> Work request: Pictures are to be left out, and only the lines from the one with "Verbotsschild mit dem" through the last line of the listing below are to be repeated exactly.

> Raw data:
↓↓↓
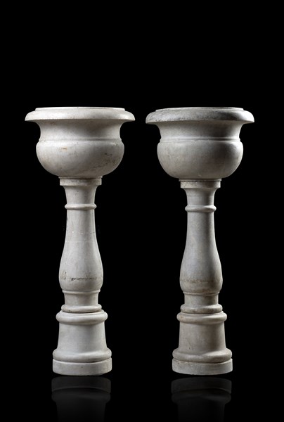 Coppia di vasche in marmo, sostegno in marmo tornito, poggianti su basi circola
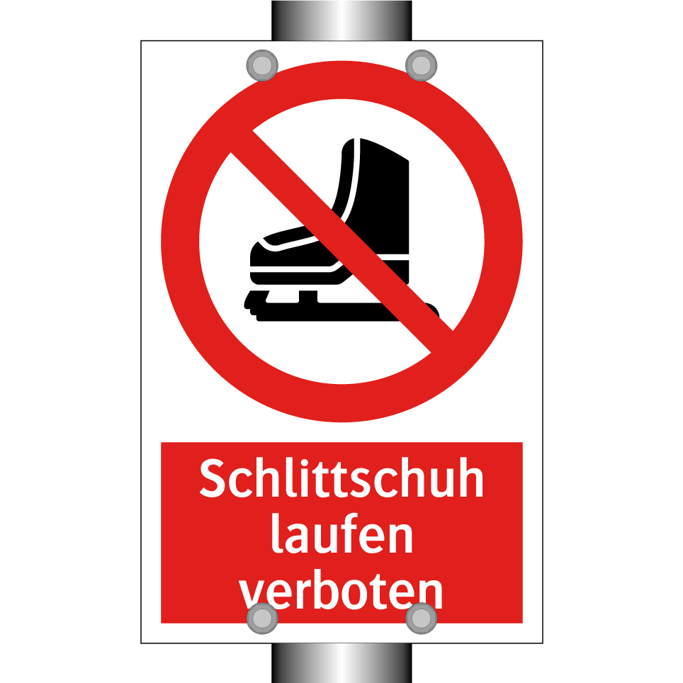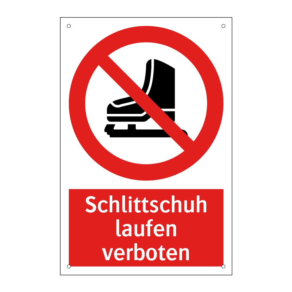 Verbotsschild mit dem Text Schlittschuh laufen verboten
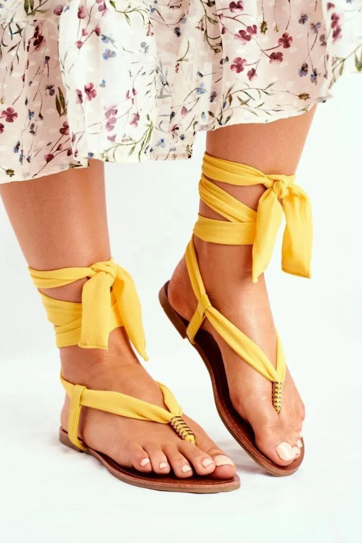 Boto Sandały Płaskie*Sandałki Damskie Japonki Wiązane Żółte Derryl
↑↑↑
> Result for this exercise:
 Verbotsschild mit dem Text Schlittschuh laufen verboten
 Boto Sandały Płaskie*Sandałki Damskie Japonki Wiązane Żółte Derryl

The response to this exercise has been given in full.